Porque só quando excedem os três dias úteis é que estas penas saem da
alçada dos directores para os serviços do ministério, ou seja, tudo o
que varie entre os quatro e os 12 dias de suspensão obriga à instauração
de um processo disciplinar.
Escolas judicializadas
E aqui também são reclamadas mudanças.
“Instaurar um processo disciplinar a um aluno é um procedimento quase
do género dos tribunais, como se quisessem judicializar as escolas.
Claro que o contraditório tem de ser feito, mas as diligências são
muitas e os prazos demasiado longos. E as escolas não são tribunais, não
têm especialistas a instruir processos disciplinares, o que leva a que a
pena seja aplicada muitas semanas e a que o efeito disciplinar da
medida se esvaia entretanto”, critica Filinto Lima, reivindicando assim
procedimentos “mais simples e mais céleres, logo mais eficazes”.
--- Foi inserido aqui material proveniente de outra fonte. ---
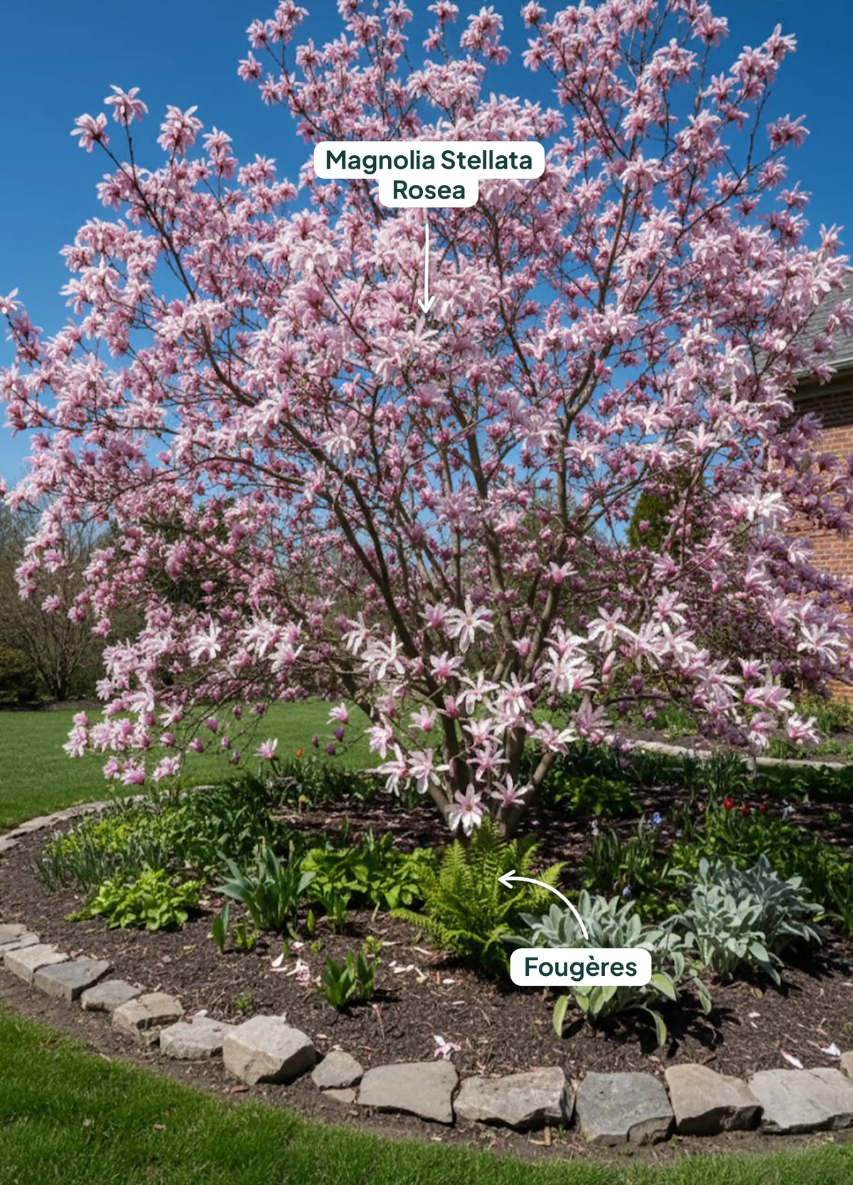 Quelles associations de plantes avec un Magnolia Stellata Rosea ?
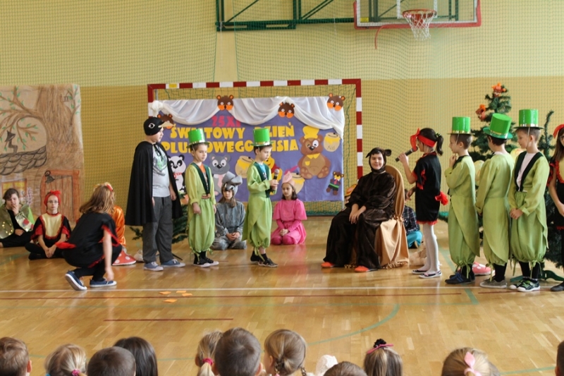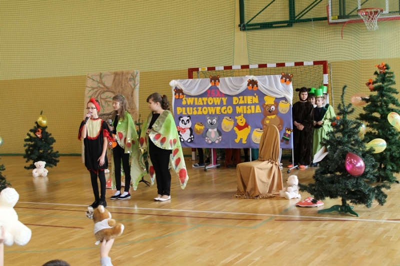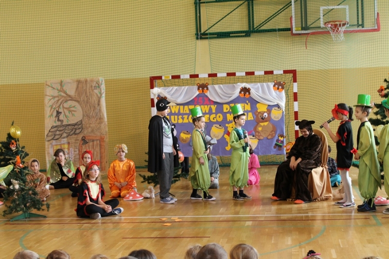 Jak co roku nasza szkoła, ku uciesze młodszych uczniów i przedszkolaków, włączyła się również w obchody tego święta. Wszystkie dzieci przyniosły z domu ulubione misie i razem z nimi wysłuchały opowieści o historii powstania pluszowego misia, jak również obejrzały inscenizację pt.” Urodziny Kubusia Puchatka”. Inscenizację przygotowała klasa IV z wychowawcą. Wszystkie dzieci otrzymały nalepki w kształcie misiów zaprojektowane i wykonane przez Panią Karolinę, oraz słodką niespodziankę - ciasteczko z misiem. Świętowanie Dnia Misia miało na celu rozwijanie zainteresowań czytelniczych oraz integrację społeczności uczniowskiej.

Os problemas não se esgotam aqui.
Ao abrigo do EA, os pais devem ser chamados à escola logo que o aluno
atinja metade dos limites de faltas. E, na impossibilidade de isto
acontecer, compete às escolas notificar a comissão de protecção de
crianças e jovens (CPCJ) da área de residência ou, na falta desta, o
Ministério Público, “de forma a procurar encontrar, com a colaboração da
escola e, sempre que possível, com a autorização e co-responsabilização
dos pais ou encarregados de educação, uma solução adequada ao processo
formativo do aluno e à sua inserção social e socioprofissional”. Faz
sentido, em teoria. “O que sucede é que normalmente as CPCJ têm muito
trabalho e poucas pessoas. E os processos arrastam-se, sem que os
serviços consigam dar resposta às participações ou queixas que as
escolas lhes fazem chegar”, diz o presidente da ANDAEP.